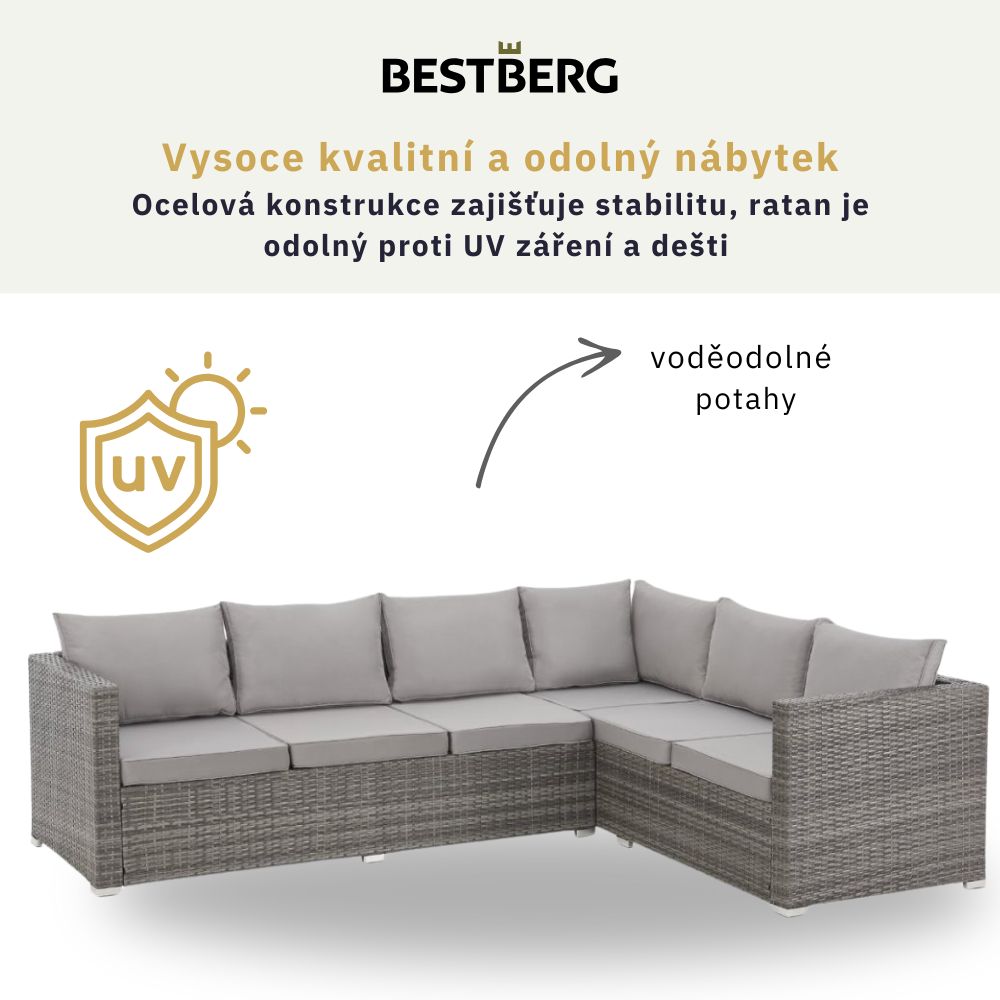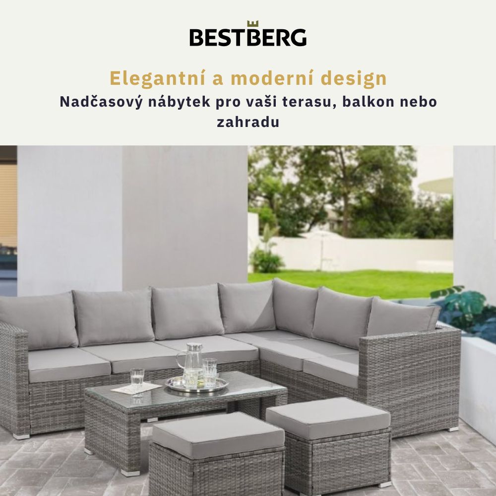 Chcete si na terase nebo zahradě vytvořit stylový rohový kout pro pohodlné posezení i relaxaci? Tento moderní ratanový set BestBerg v šedé barvě je ideální volbou – spojuje funkčnost, odolnost a design v jednom.
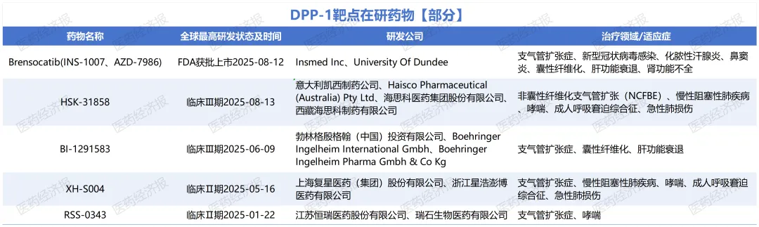 行业分析指出,Brensocatib的获批,实现了该靶点从理论到临床的跨越,预计将形成MNC与本土Biotech共同研发的格局。如今,DPP-1靶点已成为呼吸疾病治疗的新焦点,未来还将拓展新适应症。
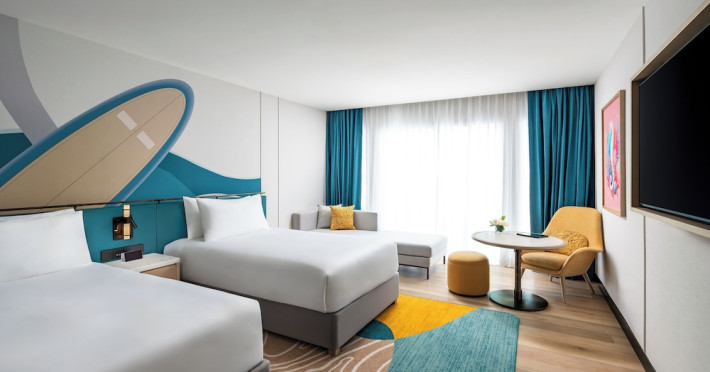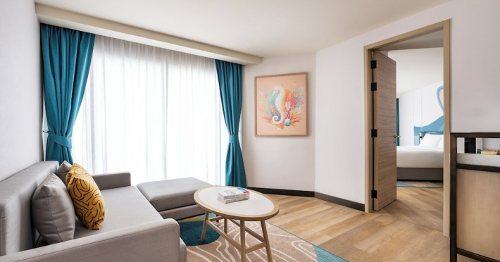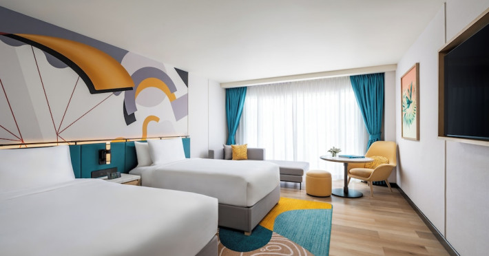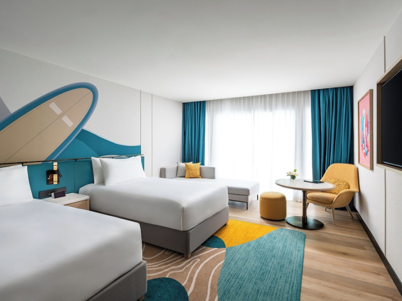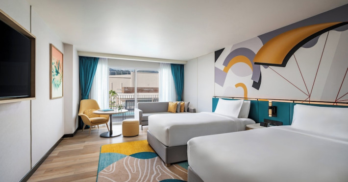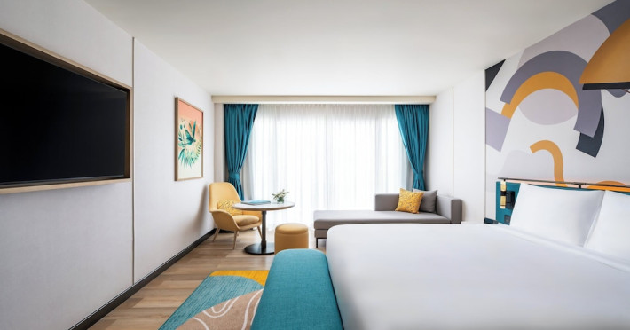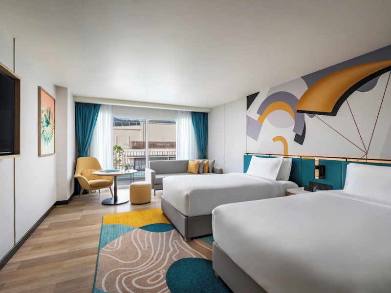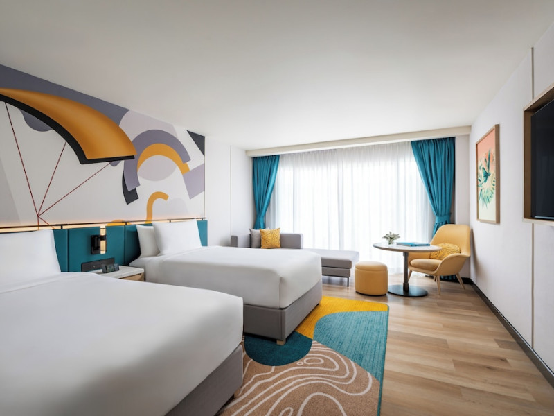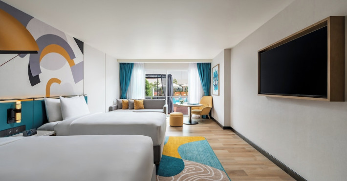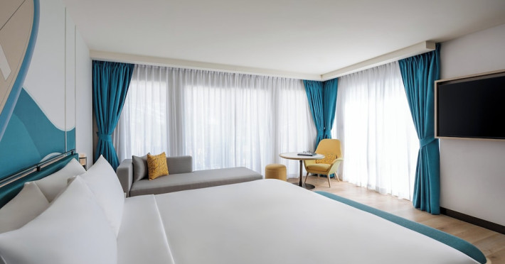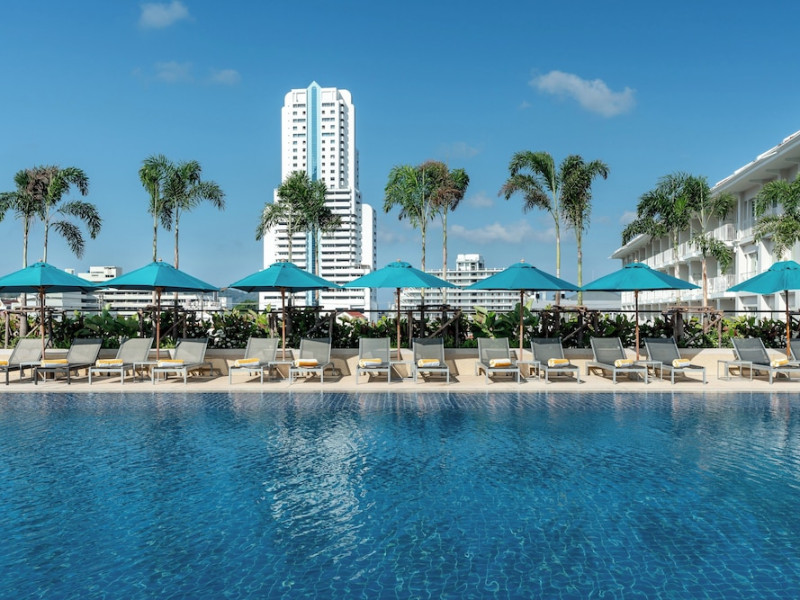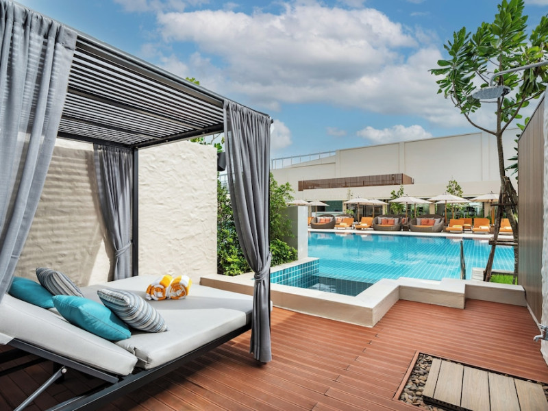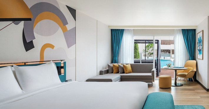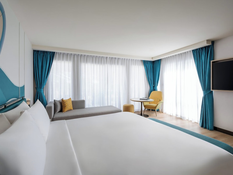 Located in the heart of Patong, M Social Phuket offers convenient access to Jungceylon Shopping Center and Bangla Road. The hotel features 418 air-conditioned guestrooms with complimentary wired and wireless internet access, satellite programming, safes, and desks. Private bathrooms offer showers, complimentary toiletries, and bidets. Guests can enjoy two outdoor swimming pools, a rejuvenating day spa, and a fitness center. Dining options include two restaurants, a coffee shop/cafe, and multiple bars, including beach and poolside options. A buffet breakfast is available daily for a fee. Amenities include complimentary wired internet access, concierge services, on-site shopping, and a terrace and garden. Services include a roundtrip airport shuttle for a surcharge and free self-parking. The M Social Hotel Phuket is a Full Service, Honeymoon, Leisure, Modern, Tourist hotel. The nightlife/restaurants are within walking distance from the hotel.
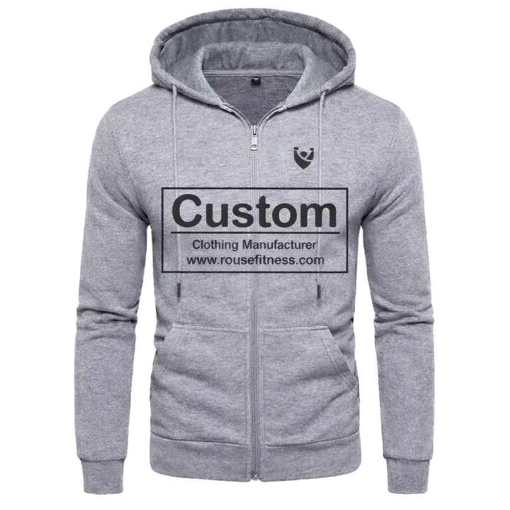 เสื้อฮู้ดผู้ชายผ้าฝ้ายสั่งทำขายส่ง ฤดูใบไม้ร่วง ฤดูหนาว ผ้าฟลีซหนานุ่ม ซิปหน้า สีพื้น ชุดกีฬา

Exercise: Repeat the data word for word, excluding any image.

Answer for the task:
 Chcete si na terase nebo zahradě vytvořit stylový rohový kout pro pohodlné posezení i relaxaci? Tento moderní ratanový set BestBerg v šedé barvě je ideální volbou – spojuje funkčnost, odolnost a design v jednom.
 行业分析指出,Brensocatib的获批,实现了该靶点从理论到临床的跨越,预计将形成MNC与本土Biotech共同研发的格局。如今,DPP-1靶点已成为呼吸疾病治疗的新焦点,未来还将拓展新适应症。
 Located in the heart of Patong, M Social Phuket offers convenient access to Jungceylon Shopping Center and Bangla Road. The hotel features 418 air-conditioned guestrooms with complimentary wired and wireless internet access, satellite programming, safes, and desks. Private bathrooms offer showers, complimentary toiletries, and bidets. Guests can enjoy two outdoor swimming pools, a rejuvenating day spa, and a fitness center. Dining options include two restaurants, a coffee shop/cafe, and multiple bars, including beach and poolside options. A buffet breakfast is available daily for a fee. Amenities include complimentary wired internet access, concierge services, on-site shopping, and a terrace and garden. Services include a roundtrip airport shuttle for a surcharge and free self-parking. The M Social Hotel Phuket is a Full Service, Honeymoon, Leisure, Modern, Tourist hotel. The nightlife/restaurants are within walking distance from the hotel.
 เสื้อฮู้ดผู้ชายผ้าฝ้ายสั่งทำขายส่ง ฤดูใบไม้ร่วง ฤดูหนาว ผ้าฟลีซหนานุ่ม ซิปหน้า สีพื้น ชุดกีฬา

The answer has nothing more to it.